'Alice Neel does not need my encomium. Her work declares an appetite for experience, has a patent and shaming honesty, is indifferent to rules and hierarchies. There is no: "Look mummy, I am thinking," but she is very intelligent. She has courage, not least in her choice of sitters; it seems that, the more stressful the sitting, the better the painting. As I get older I feel, increasingly and dauntingly, that artists have to be heroes. Alice Neel is one of mine.'
Frank Auerbach quoted in Alice Neel: Painted Truths, exh. cat., The Museum of Fine Arts, Houston, 2010, p.93.
Born in 1900, Neel spent more than half a century painting expressionistic portraits of extraordinary emotional depth. In the 1960s she moved from Spanish Harlem to the Upper West Side where she befriended and painted several major players in the New York art scene, including Andy Warhol (fig. 1). While at this stage Neel's work finally began to gain prominence, critics tended to overlook her technical skills as a painter, instead focusing on her colourful character and personal life. As with most of Neel's highly accomplished portraits, Susan Rossen is a work which to contemporary critics seemed conventional alongside the omnipresent styles of Abstract Expressionism and Pop, but which over time and upon closer examination has revealed itself as an expression of technical mastery and psychological depth.
While ostensibly a realist, Neel rejected academic exactitude and photographic likeness, never resting on straightforward reportage of the sitter's appearance. Instead she transformed her figures through expressive brushwork and an almost Mannerist distortion or caricature, to achieve a vivid depiction of her sitter's inner psychology. Her subjects' countenances are painted in vivid hues, their heads are too large for their bodies, their limbs are lengthened, and their poses are distorted all in the service of garnering a sense of their inner being. Neel preferred painting her subjects off centre, the angle of their forms creating dynamic movement across the picture plane. In the present work, the figure is restricted within a chair, a motif which recurs frequently in Neel's work, her body creating an S curve. Her head is slightly cocked and her face is not symmetrical, one eye seems more piercing then the other. This dominance of one eye has its roots in the teachings of Robert Henri. Henri was a leading figure in the Ashcan School and an accomplished portraitist, and was a teacher at the Philadelphia School of Design for Women, which Neel attended.
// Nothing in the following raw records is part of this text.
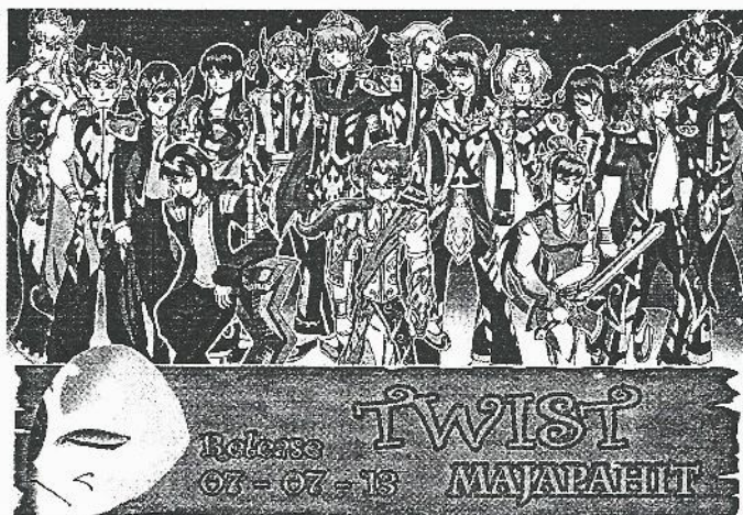
Gambar 1: Visual Novel Twist Majapahit

Produk Visual Novel Indonesia berjudul "Twist Majapahit" menjadi pilihan dalam studi ini, karena masih terbatasnya produksi Visual Novel lokal yang mengangkat tema bernilai sejarah dan budaya Indonesia. "Twist Majapahit" karya pengembang indie, Kawamata Hiruma (menggunakan nama samaran Jepang) diproduksi mulai tahun 2012, dan diluncurkan tahun 2013. Visual Novel ini berkisah tentang perjalanan Kerajaan Majapahit melalui narasi 12 karakter Raja-raja Majapahit dengan gaya visual yang mendapat pengaruh dari gaya anime .
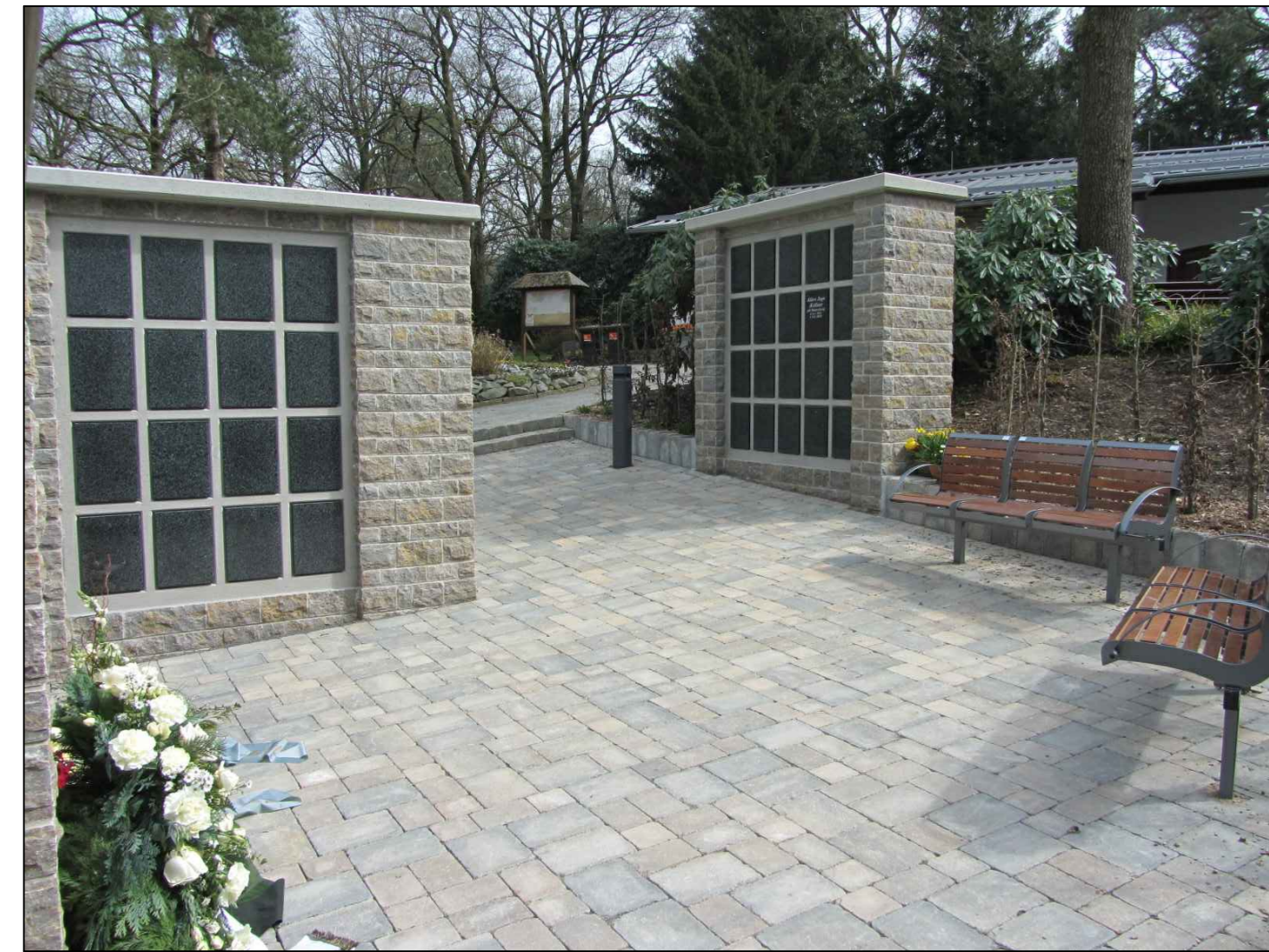
Beispiel Urnenkolumbarien Waldfriedhof Reinshagen
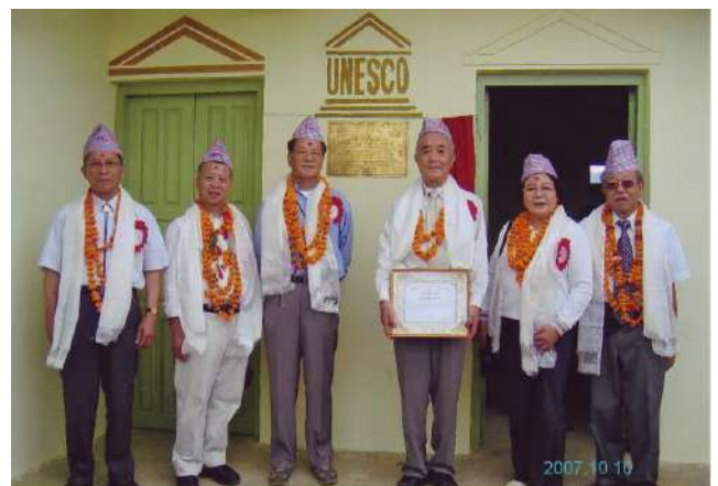
開校式に遠路参加
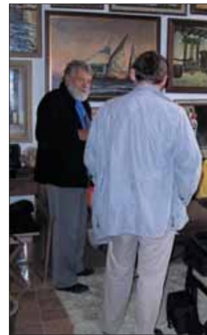
Enna Sirkel Jututuhinas Eriku ateljees.

Meie huvitajast kunstniku ja tema abikaasaga oli meeldiv ja sõbralik. Lah-kusime teadmise-ga, et varsti näeme tema maale Viimsi Muuseumides. Selleks tuleb aga veel pingutada, välja ehitada koduloomuuseumi pööning, kuhu kavat-seme tema maalinäituse välja panna.
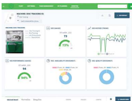
Monitoraggio delle prestazioni e dei dati delle macchine
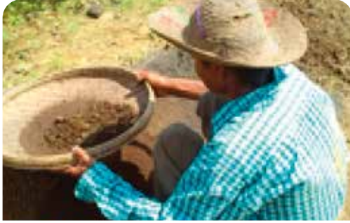
မြေကြီး ဆန်ကာချပါ။
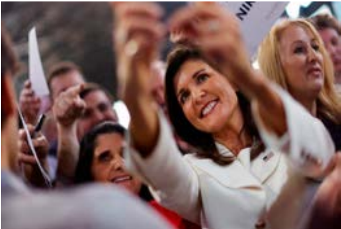
Former U.S. Ambassador to the United Nations Nikki Haley takes pictures with her supporters as she announces her run for the 2024 Republican presidential nomination at a campaign event in Charleston, South Carolina.
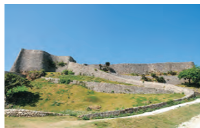
勝連城跡（かつれんじょうあと）
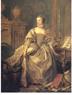
Photo n°12 : François Boucher (1703-1770), Madame de Pompadour, la main sur le clavier du clavecin, vers 1750, musée du Louvre, Paris. Entourée d'objets d'art de style Louis XV, la marquise apparaît comme une ambassadrice des arts.

Met, Nw York. Cette huile sur toile a été commandée pour le chateau de Bellevue, cadeau de Louis VX à sa Favorite. Bien que ce ne soit pas réellement un portrait, c'est une allusion évidente à la beauté de la Marquise de Pompadour.
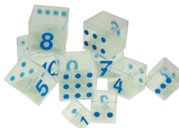
207-20002 GEWICHTSWÜRFEL 10 Gewichtswürfel, die mit Artikel 426-06 Glasgewicht befüllt werden können
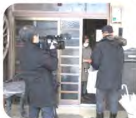
「無事ですタオル」配布の取材にご協力いただきました4区1班の皆様ありがとうございました。
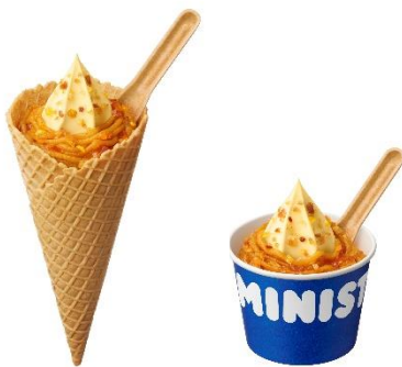
【プレミアム 紅はるかソフト】
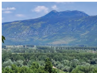
Slika 1. Vjetrozaštitni pojas

Šumsko poljodjelstvo (forest farming) podrazumijeva podizanje šumskih nasada u svrhu uzgoja kulinarskog i ljekovitog bilja.
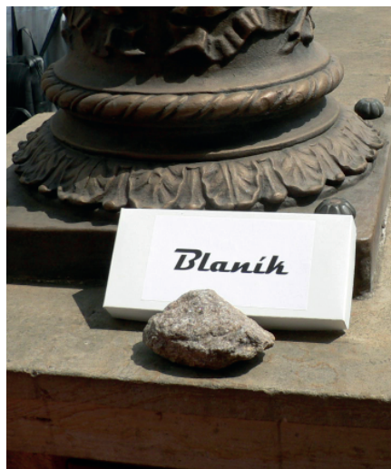
Malý symbolický kámen

Bylo nás tedy málo, ale vyjeli jsme. Paní starostka, na přání představitelů ND, vezla malý dárek- hezký kamínek z Blaníku. V divadle jsme byli přivítáni ve vstupní hale, vystoupali jsme po mnoha schodech až na horní ochoz ke krásným velkým sochám. Odtud byl pěkný výhled na Hradčany, Vltavu s lodčkami a sluncem osvětlenou část Prahy. Ve sklepení jsme snadno našli náš kámen se zlatým nápisem BLANÍK. Je jeden z největších základních kamenů. S úctou a pýchou jsme se ho dotýkali a vzpomínali na ty, kteří ho vylo-

Neel was drawn to portraiture as a form of 'writing history' as she felt that her portrayal of those individuals that peopled her world 'embodied the character of an era' (quoted in Pamela Allara, Pictures of People: Alice Neel's American Portrait Gallery, 1998, pp.203 and 5). While she sometimes painted from memory, Neel typically worked directly before her subjects, engaging them in conversation as she worked to unflinchingly document their appearance, blending literal likeness with her highly stylized approach. Neel's works are inscribed with her multiple reactions and perceptions from each sitting and she claimed that while painting she: 'becomes the person for a couple of hours, so when they leave and I am finished, I feel disoriented. I have no self. I don't belong anywhere. I don't know who or what I am. It's terrible this feeling, but it just comes because of this powerful identification I make with the person' (quoted in Judith Higgins, 'Alice Neel and the Human Comedy', Art News, vol. 83 no. 8, October 1984, p.78).
Neel's mastery lies in her ability to uncover and lay bare for the viewer those thoughts, desires and vulnerabilities which individuals are naturally inclined to shield from onlookers. In the present work, the sitter's face is impassive, yet there is the slightest suggestion of a smile in the subtle curling of her lips. While her slightly slouched pose appears relaxed, her hands are awkward, her right fist is clenched and her left forearm is unnaturally thin and stretched. Neel hints at underlying emotional depths and the viewer, confronted by the figure's stare, cannot escape this encounter.
The sitter for the present work, Susan Rossen, was introduced to the artist in 1975 by Stewart Mott, another of Neel's subjects whom she had painted in 1961. Rossen vividly recalls the first meeting as Neel 'fell in love with my outfit - I was wearing a burgundy hat and matching coat and she immediately asked if she could paint me. By the time we arranged the sitting in 1976, sadly my coat had been stolen but I still had the hat and she was very excited about that hat!' (Susan Rossen, 2010). Rossen spent a week with Neel at her New York studio and at the same time, the Public Broadcasting System filmed a documentary about the artist which features the present work in progress. The final portrait sits within a prominent group of works from the 1970s when Neel painted several notable female artists, writers and intellectuals, including art historian Linda Nochlin (fig. 2), writer Adrienne Rich and playwright Alice Childress. A pioneer in the field of museum publications, Rossen founded the first Publications department at the Detroit Institute of Arts. She went on to become the Executive Director of Publications at the Art Institute of Chicago and has been instrumental in highlighting the importance of museum publishing and establishing it as a specialist field. Serving the Art Institute of Chicago from 1981 through to 2009, Rossen propelled hundreds of publications into print and received multiple industry awards.